Cirazoline is an agonist of alpha1A adrenergic receptor, a partial agonist of alpha1B and alpha1D receptors, and an antagonist of alpha2 adrenergic receptors. Cirazoline was used to study the biologic function of adrenergic receptors. Injection of cirazoline into to the paravenricular hypothalamic nucleus of rats suppressed food and water intake. Cirazoline caused a large renal vasopressor response in rats. Systemic administration of cirazoline impaired spatial working memory in monkeys.

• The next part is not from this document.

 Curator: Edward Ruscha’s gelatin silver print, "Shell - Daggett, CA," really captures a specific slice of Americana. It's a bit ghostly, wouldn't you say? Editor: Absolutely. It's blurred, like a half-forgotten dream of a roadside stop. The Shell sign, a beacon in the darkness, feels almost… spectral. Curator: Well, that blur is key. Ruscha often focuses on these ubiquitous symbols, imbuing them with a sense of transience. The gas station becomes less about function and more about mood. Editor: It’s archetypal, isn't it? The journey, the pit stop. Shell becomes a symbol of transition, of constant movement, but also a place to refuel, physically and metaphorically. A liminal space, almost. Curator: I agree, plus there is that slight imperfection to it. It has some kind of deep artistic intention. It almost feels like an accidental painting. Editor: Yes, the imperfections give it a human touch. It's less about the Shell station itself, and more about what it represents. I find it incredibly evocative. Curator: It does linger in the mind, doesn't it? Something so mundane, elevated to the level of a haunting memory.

MIV-150 is a tight-binding, allosteric inhibitor of reverse transcriptase that is active against HIV-1 and HIV-2. MIV-150 has been shown to inactivate viruses that are resistant to other antiviral drugs, including non-nucleoside reverse transcriptase inhibitors, nucleoside reverse transcriptase inhibitors, and protease inhibitors. MIV-150 effectively inactivated free virus. Combination of MIV-150 and Carraguard demonstrated an additive antiviral effect. Seminal fluid had no effect on the antiviral activity of MIV-150 or Carraguard. The average concentration that blocks 50% of infection (EC50) for PC-815 was approximately 10 times stronger than Carraguard for the different clinical isolates used in the study.

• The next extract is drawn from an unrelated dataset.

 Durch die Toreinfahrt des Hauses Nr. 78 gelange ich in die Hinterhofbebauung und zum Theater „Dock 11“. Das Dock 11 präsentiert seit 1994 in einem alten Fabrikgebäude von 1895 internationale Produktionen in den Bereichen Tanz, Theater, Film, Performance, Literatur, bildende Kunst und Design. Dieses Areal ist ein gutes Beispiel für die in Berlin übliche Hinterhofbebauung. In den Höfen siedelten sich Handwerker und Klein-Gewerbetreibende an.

Meisoindigo ((E)-1,1'-dimethyl-[3,3'-biindolinylidene]-2,2'-dione) is a derivative of Indigo Naturalis, that has been used in China for chronic myeloid leukemia. In vitro cell line studies have shown that this agent might induce apoptosis and myeloid differentiation of acute myeloid leukemia (AML). Meisoindigo has been a routine therapeutic agent in the clinical treatment of chronic myelogenous leukemia (CML) in China since the 1980s. In phase III clinical trial of Meisoindigo involving 402 patients, it was shown that Meisoindigo was equally efficient for both newly diagnosed and previously treated CML patients after oral administration. The hematological complete response (CR) and partial response (PR) rates, respectively, were 45.0 and 39.3% for newly diagnosed patients and 35.9 and 41.4% for previously treated patients. Meisoindigo was generally well tolerated. The most frequent side‑effects were bone, joint and/or muscle pain of varying degrees when the dosage was more than the suitable one.

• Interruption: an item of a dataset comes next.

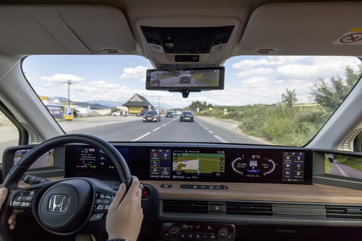 Displeje umožňujú veľmi variabilné zobrazenie množstva informácií či multimédií, váš spolujazdec si dokonca pomocou HDMI môže pripojiť hernú konzolu, aby sa nenudil na dlhých trasách. V strede pod palubnou doskou nájde aj 230 V zásuvku na jej napájanie. Samozrejmosť je bohatá konektivita vrátane systémov Android Auto aj Apple CarPlay. Displejová kabína vrátane elektronických spätných zrkadiel je súčasť už základnej výbavy, rovnako aj systém Honda Sensing, v ktorom nájdete pokročilé asistenčné systémy ako adaptívny tempomat, aktívne udržiavanie v jazdnom pruhu, rozpoznávanie značiek, automatické prepínanie diaľkových svetiel, systém zmiernenia následkov nehody s detekciou cyklistov a chodcov, upozornenie na pohyb vozidla vpredu a predkolízny systém pri malých rýchlostiach.

Idazoxan is an alpha2 receptor antagonist which also shows activity at imidazoline I1 and I2 receptors and modulates the release of dopamine. Idazoxan was in phase II development in the US. Later the development of idazoxan for schizophrenia was discontinued. It was also in clinical trials for cognition disorders in United Kingdom, and was also discontinued. Idazoxan is used in scientific research as a tool for the study of alpha 2-adrenoceptors.

Mivazerol is a new and selective alpha 2-adrenoceptor agonist, devoid of hypotensive effects, which has been designed to prevent adverse cardiac outcome in perioperative patients with, or at risk coronary artery disease. This compound, which lacks hypotensive effects, has been demonstrated to prevent hyperadrenergic activity and myocardial ischemia in perioperative patients and tachycardia in rats at emergence from halothane anesthesia. This type of ischemia, frequently encountered in postoperative patients, is considered to be a consequence of stress-induced hyperactivation of the sympathetic system. Anti-ischemic effects of this compound have been demonstrated in different animal models of myocardial ischemia, and Mivazerol has also been shown to improve exercise-induced ischemia in patients with angina pectoris.